LLMs and human brains are both just mechanisms. Why would one mechanism a priori be capable of "learning abstract thought", but no others?
If it turns out that LLMs don't model human brains well enough to qualify as "learning abstract thought" the way humans do, some future technology will do so. Human brains aren't magic, special or different.
Human brains aren’t magic in the literal sense but do have a lot of mechanisms we don’t understand.
They’re certainly special both within the individual but also as a species on this planet. There are many similar to human brains but none we know of with similar capabilities.
They’re also most obviously certainly different to LLMs both in how they work foundationally and in capability.
I definitely agree with the materialist view that we will ultimately be able to emulate the brain using computation but we’re nowhere near that yet nor should we undersell the complexity involved.
When someone says "AIs aren't really thinking" because AIs don't think like people do, what I hear is "Airplanes aren't really flying" because airplanes don't fly like birds do.

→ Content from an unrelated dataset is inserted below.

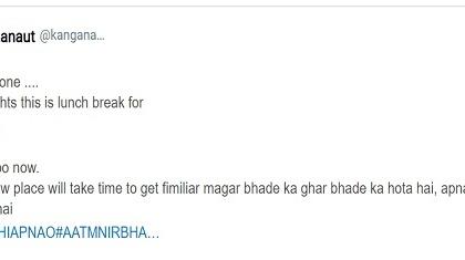 ‘सर्वांना हॅलो, रात्री काम करतेय आणि सध्या धाकड क्रूचा लंच ब्रेक आहे. तेव्हा कू का करू नये? ही माझ्यासाठी नवी जागा आहे, त्यामुळे समजण्यास थोडा वेळ लागले. पण भाड्याचे घर शेवटी भाड्याचे असते आणि आपले घर आपलेच असते...,’ असे कंगनाने लिहिले आहे.
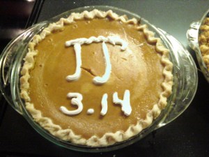 Finally, just to give you an idea of the kind of house I live in: late last week, our matehmatically-inclined daughter Madi pointed out that Sunday, March 14 was officially Pi Day (3/14).  To mark the occasion, then, Barb made three pies — apple, pumpkin, and chocolate pecan — and decorated them accordingly.  Here’s the pumpkin pie, for example, just before we tore into it:

This really shows how imprecise a term 'thinking' is here. In this sense any predictive probabilistic blackbox model could be termed 'thinking'. Particularly when juxtaposed against something as concrete as flight that we have modelled extremely accurately.
that depends, if you explain the rules of the game you're playing and give the dice a goal to win the game, do they adjust the numbers they reveal according to the rules of the game?
Whenever someone paraphrases a folksy aphorism about airplanes and birds or fish and submarines I suppose I'm meant to rebut with folksy aphorisms like:
"A.I. and humans are as different as chalk and cheese."
As aphorisms are a good way to think about this topic?
That's a fallacy of denial of the antecedent. You are inferring from the fact that airplanes really fly that AIs really think, but it's not a logically valid inference.
Observing a common (potential) failure mode is not equivalent to asserting a logical inference. It is only a fallacy if you "P, therefore C" which GP is not (at least to my eye) doing.
I agree we shouldn't undersell or underestimate the complexity involved, but when LLM's start contributing significant ideas to scientists and mathematicians, its time to recognize that whatever tricks are used in biology (humans, octopuses, ...) may still be of interest and of value, but they no longer seem like the unique magical missing ingredients which were so long sought after.
From this point on its all about efficiencies:
modeling efficiency: how do we best fit the elephant, with bezier curves, rational polynomials, ...?
memory bandwidth training efficiency: when building coincidence statistics, say bigrams, is it really necessary to update the weights for all concepts? a co-occurence of 2 concepts should just increase the predicted probability for the just observed bigram and then decrease a global coefficient used to scale the predicted probabilities. I.e. observing a baobab tree + an elephant in the same image/sentence/... should not change the relative probabilities of observing french fries + milkshake versus bicycle + windmill. This indicates different architectures should be possible with much lower training costs, by only updating weights of the concepts observed in the last bigram.
ofc, and probably will never understand because of sheer complexity. It doesn't mean we can't replicate the output distribution through data. Probably when we do in efficient manners, the mechanisms (if they are efficient) will be learned too.
As the result, all living cells with DNA emit coherent (as in lasers) light [2]. There is a theory that this light also facilitates intercellular communication.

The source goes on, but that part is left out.